Fig. 1a displays the individual WASO trajectories for the 73 patients. The first HLM analyses examined how WASO changed from the time of the simulation visit to four months after the completion of RT. Linear, quadratic, and cubic trends were tested. The estimates of the linear change model for WASO are presented in Table 4 (unconditional model). Because the model had no covariates (i.e., unconditional), the intercept represents the estimated percentage of WASO (i.e., 11.861%) at the time of the simulation visit. The estimated linear rate of change in WASO, for each additional week, was 0.008 and not significant (P=0.81). Fig. 2a displays the trajectory for WASO from the time of the simulation visit to four months after the completion of RT. WASO increased very slightly over the course of RT (i.e., weeks 0 to 9), but this trend was not statistically significant. The variance in individual change parameters estimated by the models (i.e., variance components, Table 4) suggested that substantial interindividual differences existed in the trajectories of WASO (see Fig. 1a). These results suggested that further examination of interindividual differences in the individual change parameters was warranted.

Fig. 1.

Fig. 1

Spaghetti plot of the 73 patients’ individual trajectories for wake after sleep onset (WASO - A) and total scores on the General Sleep Disturbance Scale (GSDS - B) over the 25 weeks of the study.

Table 4.

Hierarchical Linear Models of Objective and Subjective Sleep Disturbance

Objective Sleep Disturbance Coefficient (SE)

Variable Unconditional
Model
Final Model

Fixed Effects
  Intercept 11.861 (0.854)b 11.862 (0.834)b
  Timea (linear rate of change) 0.008 (0.033) 0.007 (0.033)

Time invariant covariates
  Intercept: Body mass index 0.270 (0.103)c

Variance components
  In intercept 46.509b 44.084b
  In linear rate 0.031b 0.031b

Goodness-of-fit deviance(parameters estimated) 5771.428 (6) 5764.897 (7)
Model comparison (χ2 [df]) 6.531 (1)c

Subjective Sleep Disturbance Coefficient (SE)

Variable Unconditional
Model
Final Model

Fixed Effects
  Intercept 45.615 (2.287)b 41.361 (2.206)b
  Timea (linear rate of change) −0.177 (0.847)c −0.172 (0.081)c

Time invariant covariates
  Intercept: Comorbidity 7.455 (2.714)c
   Baseline evening LFS score 2.013 (0.843)c
    Baseline CES-D
score
1.300 (0.184)b
  Linear: Baseline CES-D × time −0.023 (0.009)

Variance components
  In intercept 336.369b 132.125b
  In linear rate 0.307b 0.262b

Goodness-of-fit deviance(parameters estimated) 3744.742 (6) 3684.669 (10)
Model comparison (χ2 [df]) 60.073 (4)b

CES-D = Center for Epidemiologic Studies Depression Scale; LFS = Lee Fatigue Scale.

a

Time was coded 0 at the time of the simulation visit.

b

P ≤ 0.001.

c

P < 0.05.

Fig. 2.

Fig. 2

Trajectories of wake after sleep onset (WASO) over the 25 weeks of the study (A) and the influence of body mass index (BMI; B) on interindividual differences in the intercept for WASO (B).

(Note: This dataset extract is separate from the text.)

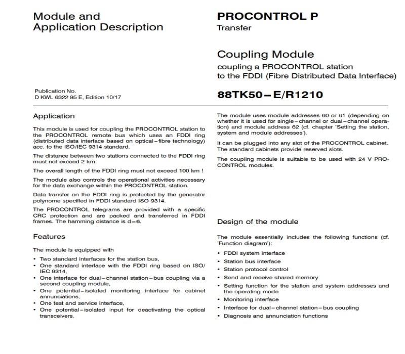 ABB 88TK50-E/R1210 FDDI وحدة اقتران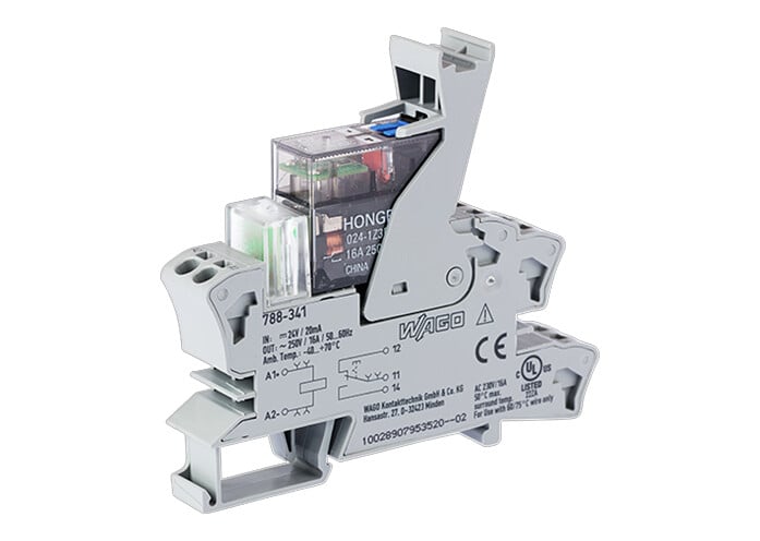 This is 788 Series Relay Module DIN Rail Mount 24V dc Coil SPDT 1-Pole 16A Load manufactured by WAGO. The manufacturer part number is 788-341. The product is available in din rail configuration. The product 788, is a highly preferred choice for users. The coil voltage of the product is 24v dc. The contact is equipped with spdt configuration. It has equipped with 1 poles. It has about 16a load current rating .

Interindividual Differences in the Objective Measure of Sleep Disturbance

The second stage of the HLM analyses tested the hypothesis that the pattern of change over time in WASO varied based on specific person, disease, treatment, and/or symptom variables that were found to influence sleep disturbance among patients who underwent RT for breast cancer. As shown in the final model in Table 4, the slope of the line for WASO is flat and the one variable that predicted interindividual differences in the intercept for WASO was BMI. No variables predicted interindividual differences in the slope parameters for WASO. To illustrate the effects of BMI on patients’ trajectories of WASO, Fig. 2b displays the adjusted change curves for WASO that were estimated based on differences in BMI (i.e., lower and higher BMI calculated based on one standard deviation (SD) above and below the mean BMI score).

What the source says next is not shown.